Une fois plié, le truc fait environ 97 x 57 x 26 cm. Ça veut dire que ça rentre dans un coffre de berline ou de break sans trop forcer, mais ce n’est pas non plus un jouet : ça reste un gros morceau de métal de plus de 20 kg, donc il faut un minimum de bras pour le manipuler. Niveau branchement, on est sur une prise 13 broches avec un adaptateur 7 broches fourni, même si certains signalent que la marche arrière ne fonctionne pas avec l’adaptateur. L’éclairage se replie, ce qui est pratique quand on le range.
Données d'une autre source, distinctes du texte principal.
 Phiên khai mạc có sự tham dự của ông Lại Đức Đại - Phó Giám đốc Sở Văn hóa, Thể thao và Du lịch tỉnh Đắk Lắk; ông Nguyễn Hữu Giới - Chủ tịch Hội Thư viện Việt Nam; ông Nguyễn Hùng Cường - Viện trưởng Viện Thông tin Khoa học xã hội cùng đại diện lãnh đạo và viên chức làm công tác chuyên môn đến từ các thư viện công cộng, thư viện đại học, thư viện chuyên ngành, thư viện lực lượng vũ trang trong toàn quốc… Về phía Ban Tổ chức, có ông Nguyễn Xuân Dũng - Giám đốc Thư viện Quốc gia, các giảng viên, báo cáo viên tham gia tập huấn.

Dans la boîte, on a l’essentiel pour le montage sur la boule et pour accrocher les sangles de la moto. Par contre, un point qui revient souvent (et que j’ai constaté aussi) : l’accessoire bloque-roue avant n’est pas livré d’office selon les versions, il faut parfois l’acheter à part. Et honnêtement, pour transporter une moto en sécurité, ce bloque-roue est quasi indispensable. Sans ça, tu te retrouves à tout miser sur les sangles, ce qui est faisable, mais moins confortable et moins rassurant.
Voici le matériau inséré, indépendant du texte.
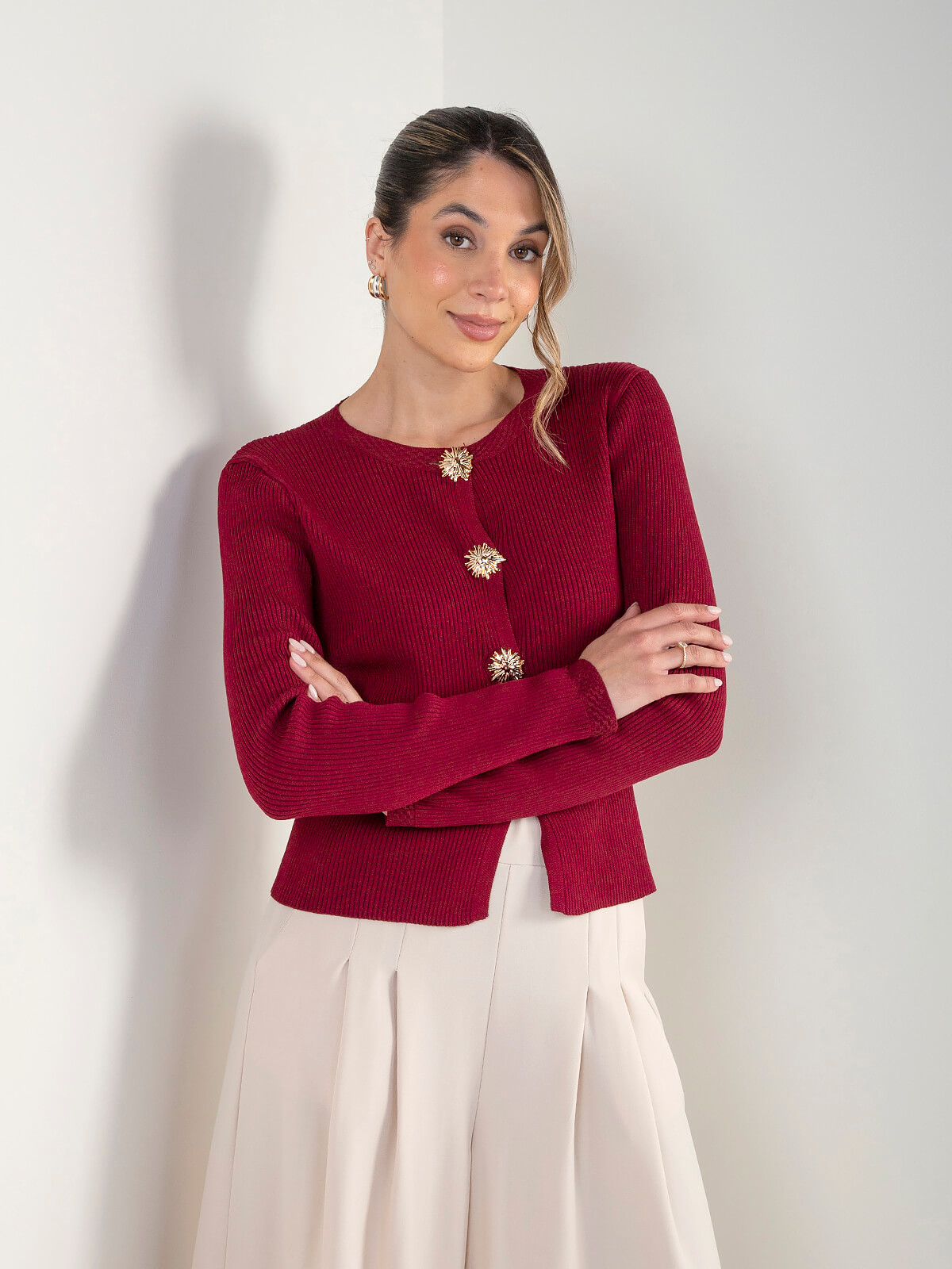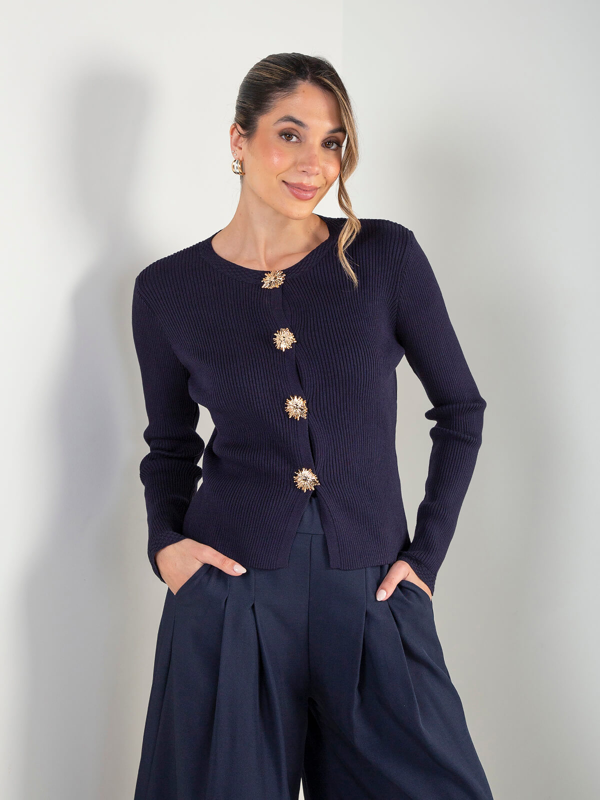 Casaco de malha canelada para senhora, com botões decorativos estilo jóia e corte clássico. Um modelo elegante e versátil, ideal para looks mais cuidados, do trabalho ao dia a dia.

En termes d’usage, ce porte-moto est donné comme « ajustement universel » pour voiture avec boule d’attelage. En vrai, ça veut surtout dire que si ton attelage est standard et bien monté, ça ira. Par contre, suivant la forme de ton pare-chocs et la hauteur de ta boule, tu peux te retrouver avec le hayon qui ne s’ouvre presque plus une fois la moto chargée. Sur mon véhicule, hayon quasi bloqué : à peine 20–30 cm d’ouverture, donc pour accéder au coffre avec la moto en place, tu peux oublier. Il faut le savoir avant, ça peut être bloquant pour certains.
Points Forts
- Structure en acier solide avec charge utile de 75 kg adaptée aux motos légères
- Fixation sur boule d’attelage simple et stable, avec support pliable et relativement compact
- Comportement correct sur route, sans oscillations gênantes si le montage est bien fait
Points Faibles
- Finitions des rampes et rails à revoir (bords coupants, bavures à limer soi-même)
- Accès au hayon très limité une fois la moto chargée, selon le véhicule
- Bloque-roue avant parfois non inclus, à acheter en plus pour un maintien vraiment sûr
Conclusion
Note de la rédaction
Au final, ce porte-moto Aepm030 Voiture portamotos Racing fait clairement partie des solutions « pratiques et efficaces » pour transporter une moto légère sans passer par la case remorque. Il est solide, relativement compact une fois plié, et la fixation sur la boule d’attelage est simple et rassurante une fois qu’on a bien serré le boulon anti-becchement. Sur route, avec une moto autour de 70–75 kg, ça reste stable, ça ne gigote pas dans tous les sens, et on n’a pas la sensation de rouler avec un truc bancal derrière la voiture.
Par contre, ce n’est pas un produit parfait. Les finitions des rampes laissent à désirer, au point que certains se sont retrouvés avec un pneu avant abîmé à cause des bords tranchants. Il faut donc accepter de sortir une lime et de passer un peu de temps à corriger ça. Autre point à garder en tête : la proximité avec le hayon, qui peut pratiquement condamner l’accès au coffre une fois la moto chargée, selon la forme de ta voiture. Et enfin, l’accessoire bloque-roue, quasi indispensable pour un transport vraiment serein, n’est pas toujours inclus.
Pour qui c’est adapté ? Pour quelqu’un qui a une moto légère (trial, pitbike, petite électrique) et qui veut une solution de transport simple, compacte et plutôt robuste, sans investir dans une remorque. Il faut juste être prêt à bricoler un peu au début et à accepter les limites d’accès au coffre. Qui devrait passer son chemin ? Ceux qui ont des motos plus lourdes, qui veulent un produit nickel sans aucune retouche, ou qui ont absolument besoin de garder un accès complet au coffre quand la moto est chargée. Dans ce cas, une vraie remorque moto, plus chère mais plus polyvalente, sera plus adaptée.